For the second containment, the one which I'm having more problems with, I attempted the following:
Case in which $a$ is infinite: Suppose that $\vert a \vert = \infty$. Let $c \in \langle a^m \rangle \cap \langle a^n \rangle$. Then $c = a^{mx} = a^{ny}$ where $x, y \in \mathbb Z$. It follows that $a^{mx - ny} = e$ and so $mx = ny$ because if $mx  > ny$ then the difference would not be zero, and we would have an element that was finite, contradicting our hypothesis. And since $mx = ny$ we know $\operatorname{lcm}(mx, ny) = mx = ny$ and $\operatorname{lcm}(mx, ny)$ is a multiple of $\operatorname{lcm}(m, n)$. Hence $c \in \langle a^{\operatorname{lcm}(m, n)}\rangle$ and thus $\langle a^m \rangle \cap \langle a^n \rangle \subseteq  \langle a^{\operatorname{lcm}(m, n)}\rangle$.
Case in which $a$ is finite: I tried starting it out the same as the previous case, but i could never reach my conclusion :(
 A: Note $ $ The equality in the lemma in Arturo's answer - that gcd distributes over lcm - can be derived simply via lcm, gcd laws. Rewriting lcms to gcds using $\rm\,[a,b] := lcm(a,b) =\: ab/(a,b)\,$ and clearing denominators, we deduce $\,\rm (k,[n,m]) = [(k,n),(k,m)]\,$ is equivalent to
$$\rm (k,m,n)\:(km,kn,mn)\ =\ (k,m)\:(k,n)\:(m,n)$$
whic is true, by both $\rm = (kkm,kkn,kmn,kmm,knn,mmn,mnn)\:$ by the distributive law. $ $ QED
For further details on the above gcd arithmetic this answer.
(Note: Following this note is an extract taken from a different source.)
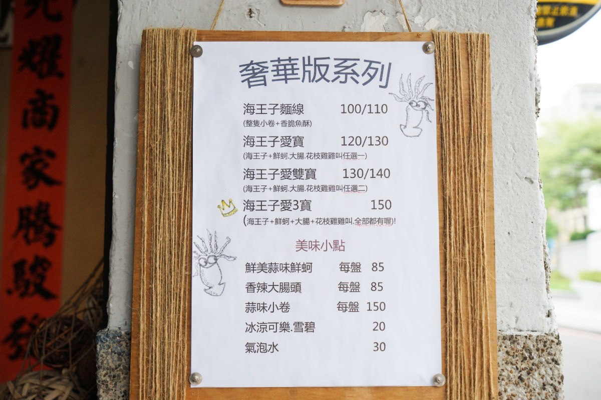 提供奢華版系列與經典版系列麵線,奢華版就是有滿滿的海鮮配料,招牌是海王子愛三寶,一碗 150 元,裡面全部的料都有。基本上許多人來都是衝著這一碗,老實說我也是第一次吃這麼貴的麵線,最好給我好吃喔,不然我真的會氣氣氣氣氣。

Dually, we could rewrite gcds to lcms, reducing it to the lcm dual of the above. And, of course, the dual identity is true: lcm distributes over gcd. These are well-known identities that come to the fore in the lattice viewpoint, e.g. see Birkhoff, Lattice Theory.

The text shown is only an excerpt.